I'm drawing a blank on which version they fixed it in, but I think it's
been fixed for at least 1-2 years now. Last I looked you still had to do
it in seperate terms like so, but you can use the same policy:

term ipv4 {
    from route-filter 1.2.0.0/16 upto /24;
    then whatever;
}
term ipv6 {
    from route-filter 2001:1234::/32 upto /48;
    then whatever;
}

Of course unlike IOS, with JUNOS you can just use chains/subroutines, so
even if they hadn't added this ability it's entirely possible to work
around it and still use 99% identical policies. We do most of our policy
heavy lifting on JUNOS, so the only time we needed to do this type of 
matching on IOS is customer prefix-lists, where you can just reference 
it on the BGP neighbor instead of a route-map (thus letting you use a 
common customer route-map too :P).
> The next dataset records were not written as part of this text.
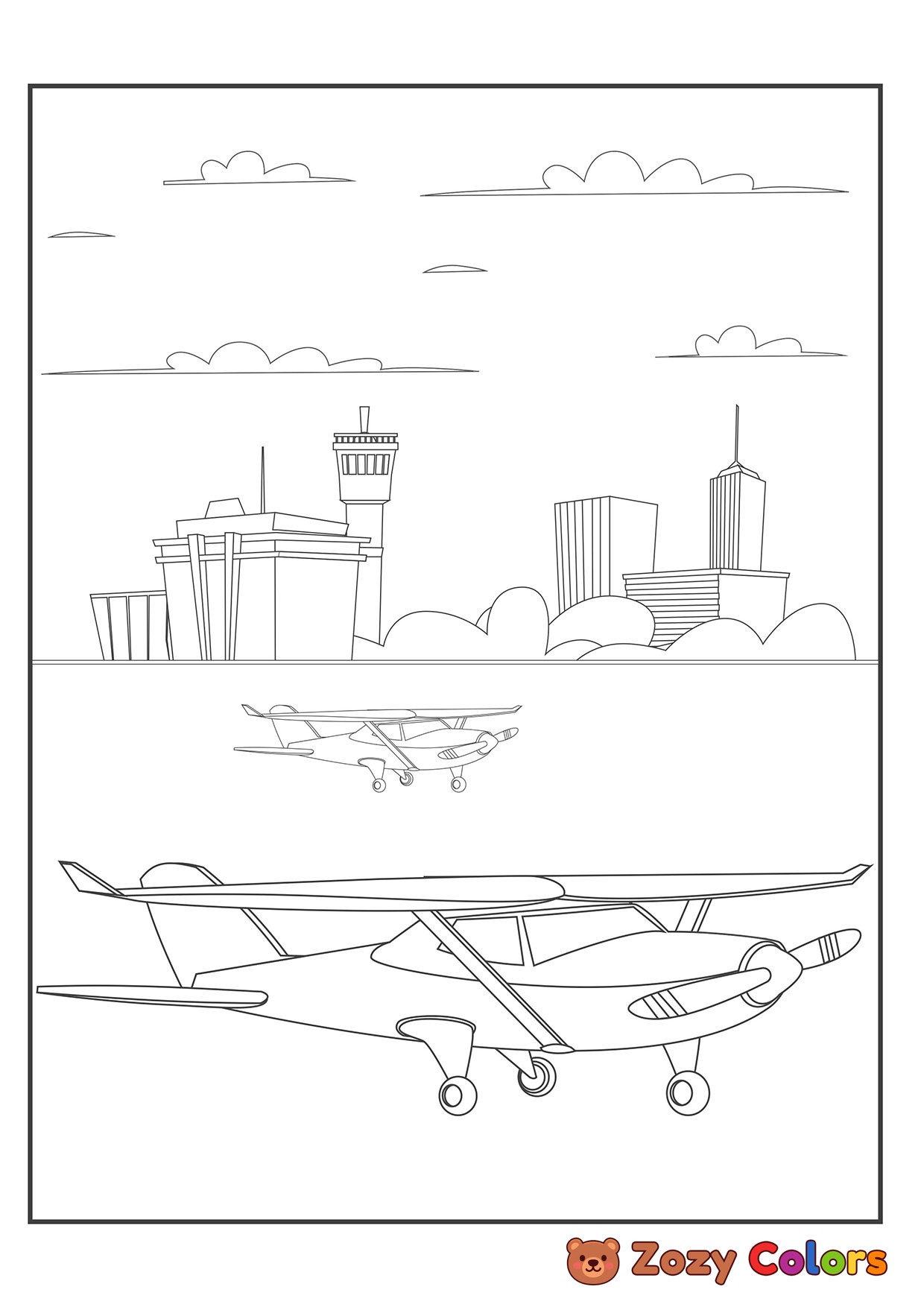 Planes getting ready for takeoff. Coloring page to print or download and color for your kids.
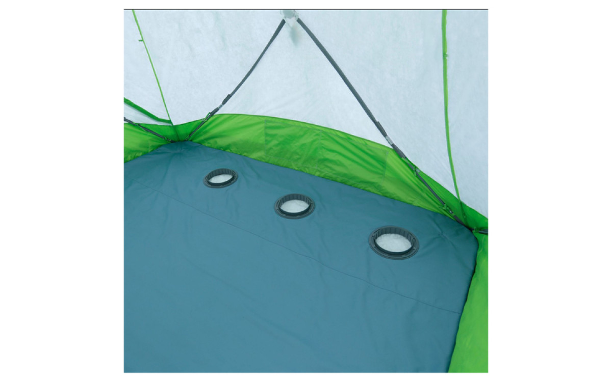 - Расположение утепленного пола поверх внутренней юбки обеспечивает укрытию высокую теплоизоляцию и исключает возможное задувание по всему нижнему периметру палатки. При этом теплая палатка совместно с гидро-термоизоляционным дном образуют цельное и очень устойчивое укрытие, способное защитить пользователя от сильного ветра, мороза и затопления водой.
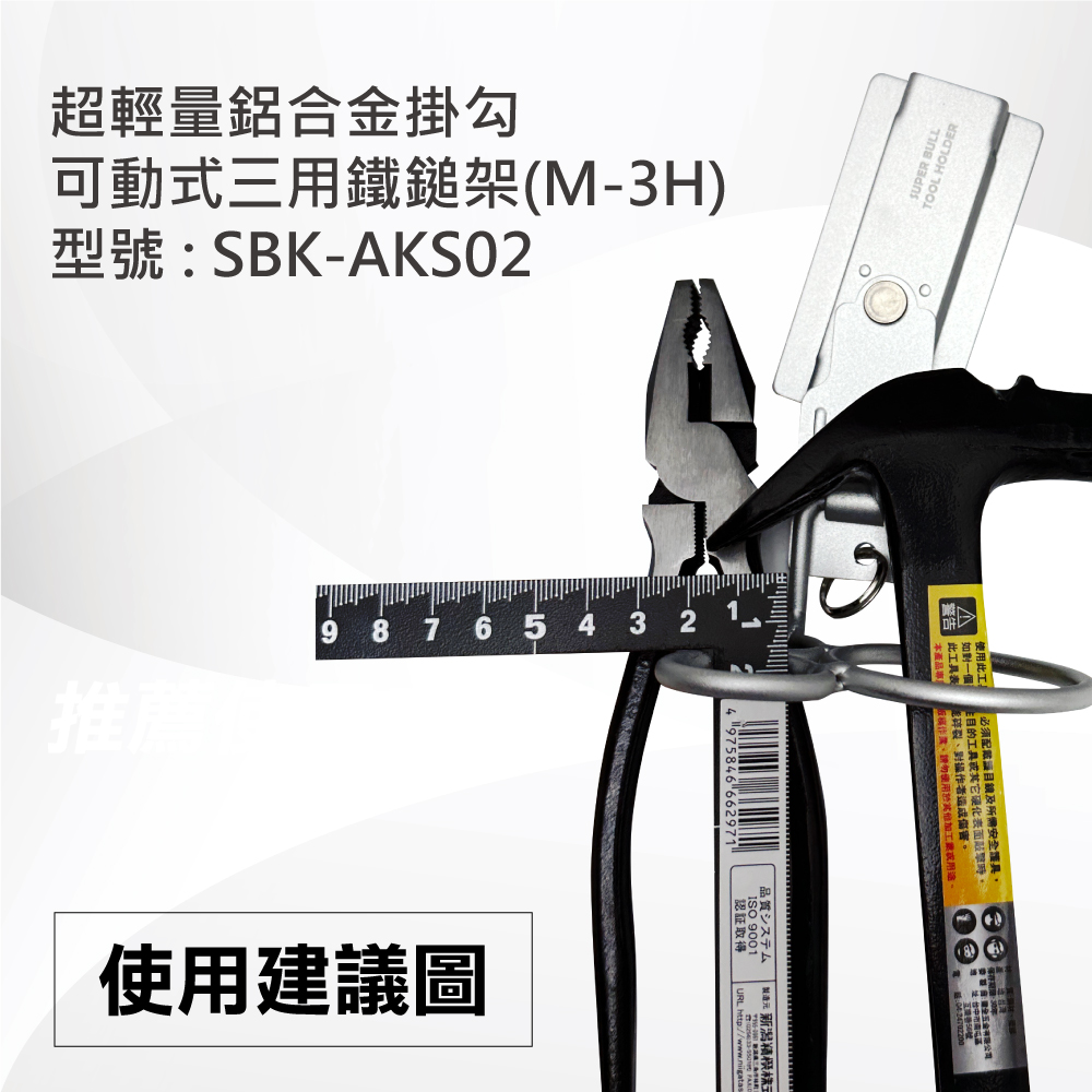 名稱 : 超輕量鋁合金掛勾-可動式三用鐵鎚架(M-3H)型號 : SBK-AKS02重量 : 64g推薦使用工具 : 鐵鎚、板模起子、木工尺、撬棒

IOS will let you define a prefix-list 
of the same name for different AFIs, and will automatically use the 
correct one based on the reference, like so:

ip prefix-list CUSTOMER:12345 permit 1.2.0.0/16 le 24
ipv6 prefix CUSTOMER:12345 permit 2001:1234::/32 le 48

address-family ipv4 unicast
 neighbor 1.1.1.1 prefix-list CUSTOMER:12345 in
address-family ipv6 unicast
 neighbor 2001:1234::12:34 prefix-list CUSTOMER:12345 in

I've spent years trying to talk Juniper into doing a neighbor based
prefix-list config to explicitly reject prefixes before even beginning
policy parsing, but with zero success. In the grand scheme of things
it's a pretty minor nit, but IMHO it would simplify the config, make it 
easier for people who are new to Juniper, and still give you all the 
flexibility of the policy language if the simple "filter this, THEN 
process policy" role that works 95% of the time wasn't enough for you. 
Fortunately I got them to do accepted-prefix-limit instead, which was 
good enough to solve the biggest complication caused by their design 
(tripping max-prefix on peers even though you successfully filtered the 
leak and had no reason to do so).

> >  Now IGP on the other hand is a
> >  different story, I've seen several instances where
> >  something bad happens (mostly to v6) where it pays to
> >  run multi-topology isis so you can turn off v6 on a
> >  particular link when a router decides it just doesn't
> >  want to forward v6 packets via that interface any more.
> 
> In fact, without proper pre-planning, it is probably safer 
> to run ships-in-the-night OSPF (v2 and v3) than IS-IS, 
> especially because of lack of topology congruency during the 
> initial stages of turning up dual-stack v6 in IS-IS (which 
> JUNOS does by default and IOS doesn't, an interesting 
> situation if you take this position for granted in either 
> platform).
> 
> Luckily, both current versions of IOS and JUNOS that we 
> support have MT implemented in them, although I know certain 
> platforms currently in the field that do not. This could be 
> troublesome.
> 
> That said, we still prefer IS-IS, and we always ensure 
> systems deployed not only support v6 in IS-IS, but also MT.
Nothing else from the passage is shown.